Can dispatch overhead be more expensive than an actual thread work?

Recently I'm thinking about possibilities for hard optimization. I mean those kind of optimization when you sometimes hardcode the loop from 3 iterations just to get something.

So one thought came to my mind. Imagine we have a buffer of 1024 elements. We want to multiply every single element of it by 2. And we create a simple kernel, where we pass a buffer, outBuffer, their size (to check if we outside of the bounds) and [[thread_position_in_grid]]. Then we just do a simple multiplaction and write that number to another buffer.

It will look a bit like that:

kernel void multiplyBy2(constant float* in [[buffer(0)]],
                            device float* out [[buffer(1)]],
                            constant Uniforms& uniforms [[buffer(2)]],
                            uint gid [[thread_position_in_grid]])
{

    if (gid >= uniforms.buffer_size) { return; }
    out[gid] = in[gid] * 2.0;
}

The thing I'm concerned about is If the actual thread work still worth the overhead that is produced by it's dispatching?

Would it be more effective to, for example, dispatch 4 times less threads, that do something like that

    out[gid * 4 + 0] = in[gid + 0] * 2.0;
    out[gid * 4 + 1] = in[gid + 1] * 2.0;
    out[gid * 4 + 2] = in[gid + 2] * 2.0;
    out[gid * 4 + 3] = in[gid + 3] * 2.0;

So that thread can work a little bit longer? Or it is better to make threads as thin as possible?

Solution

Yes, and this is true not merely in contrived examples, but in some real-world scenarios too.

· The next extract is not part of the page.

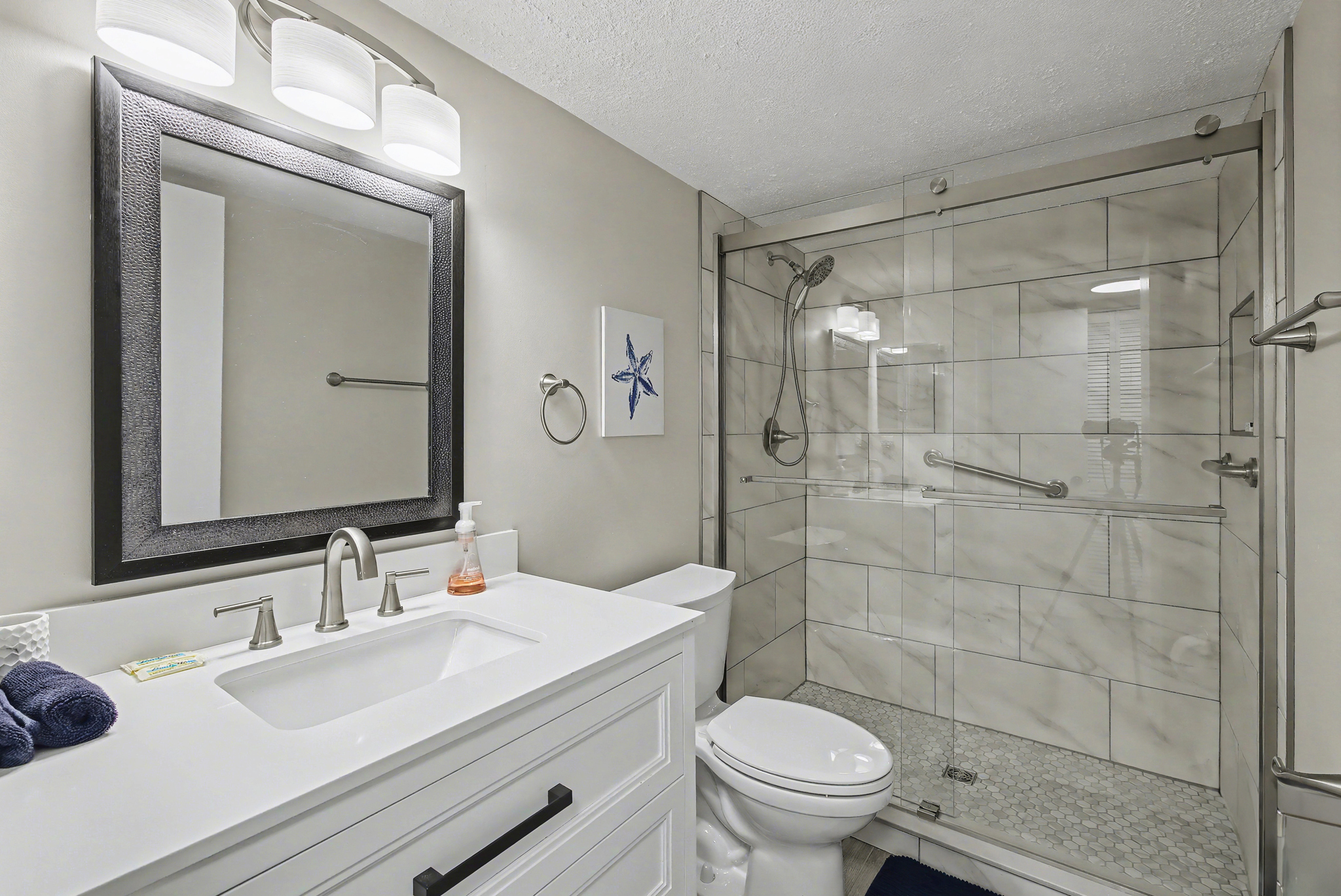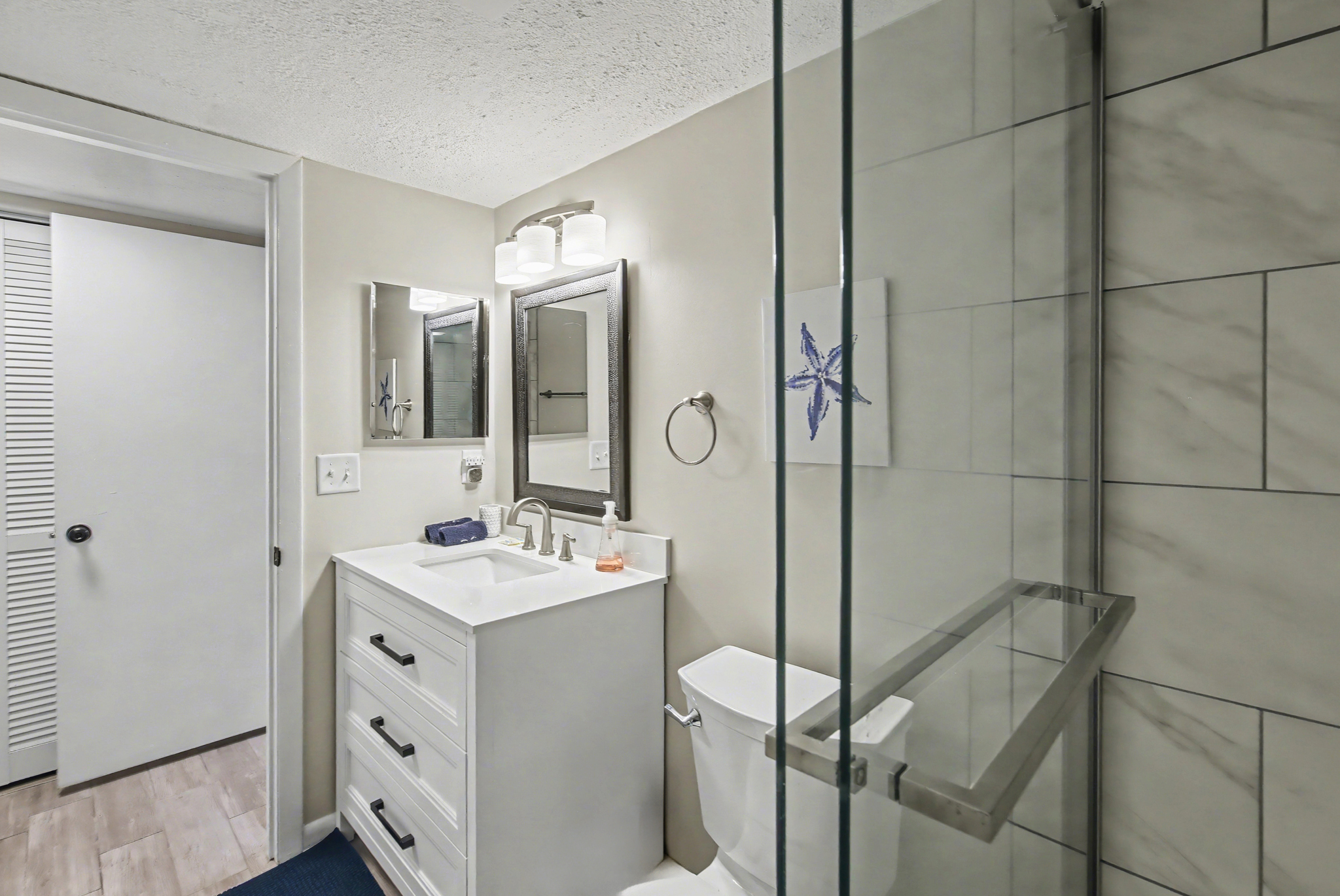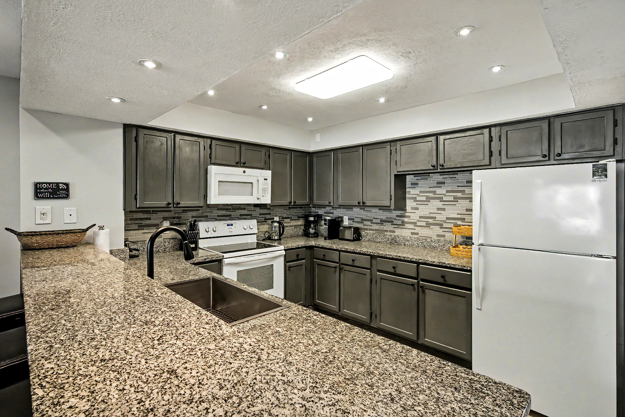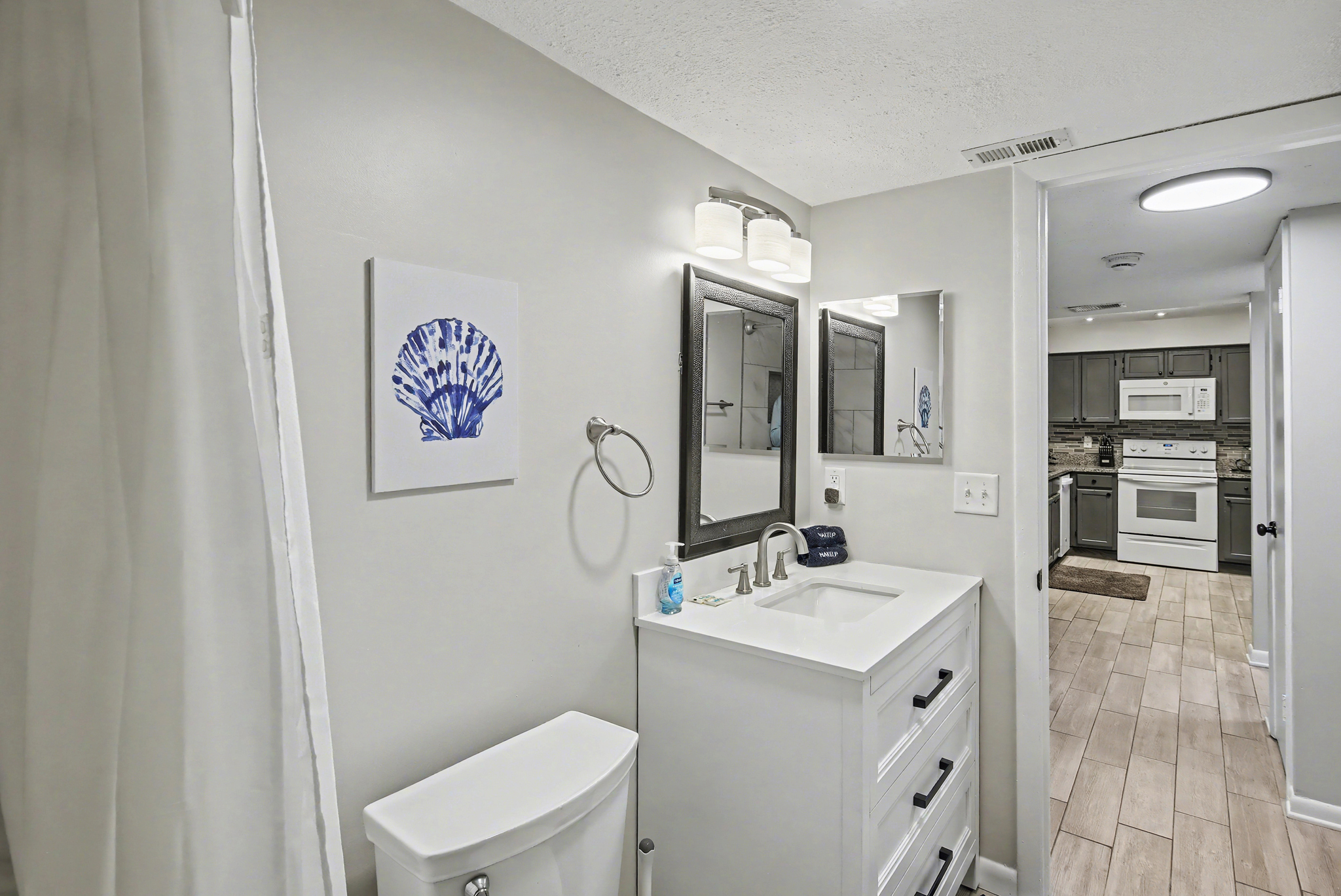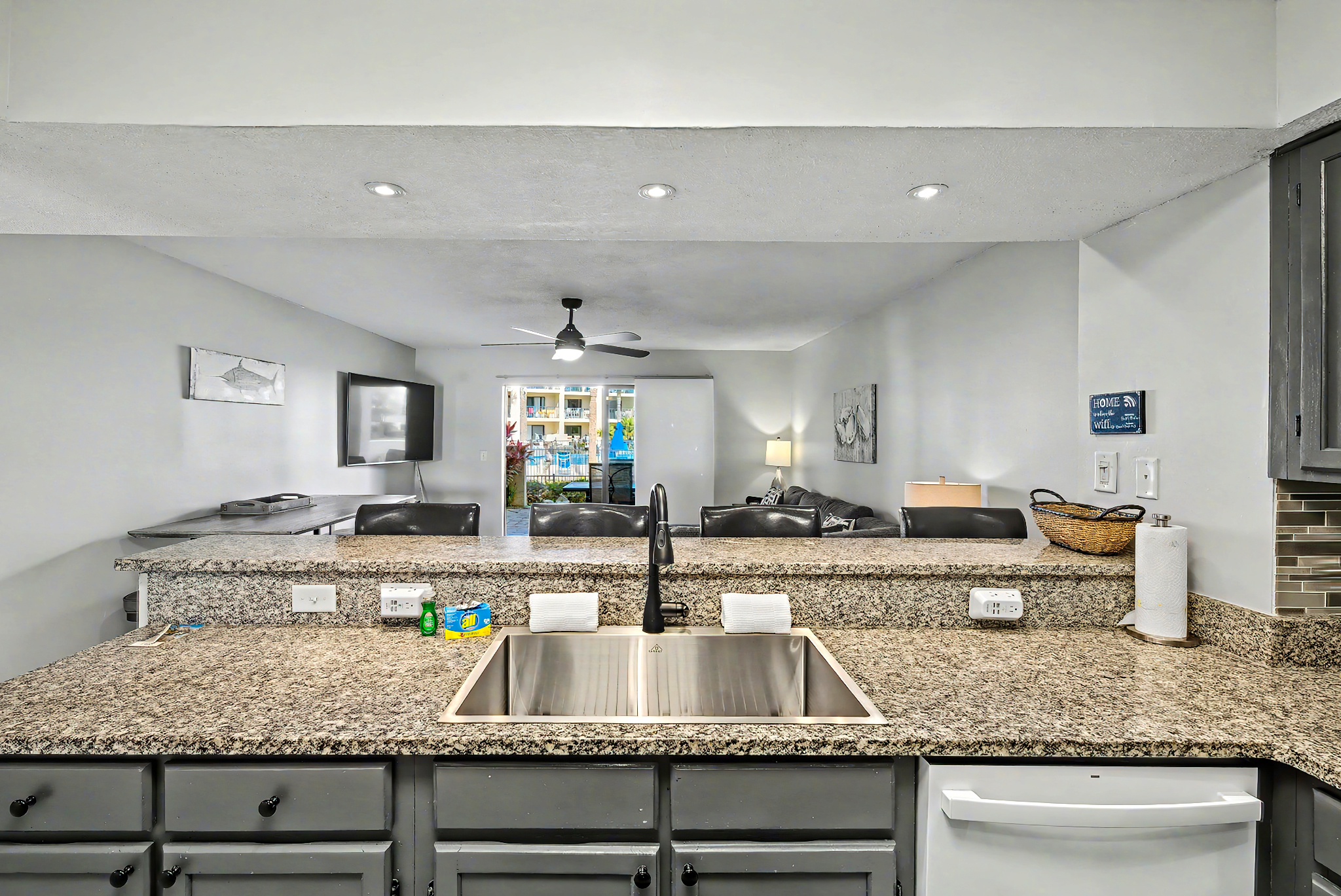This condo looks like it has recently been remodeled. It was so well-positioned with a view of the pool, the kitchen was stocked with everything you needed. Great place!

For extremely simple kernels like yours, the dispatch overhead can swamp the work to be done, but there's another factor that may have an even bigger effect on performance: sharing fetched data and intermediate results.

If you have a kernel that, for example, reads the 3x3 neighborhood of a pixel from an input texture and writes the average to an output texture, you could share the fetched texture data and partial sums between adjacent pixels by operating on more than one pixel in your kernel function and reducing the total number of threads you dispatch.

Perhaps this sates your curiosity. For any practical application, Scott Hunter is right that you should profile on all target devices before and after optimizing.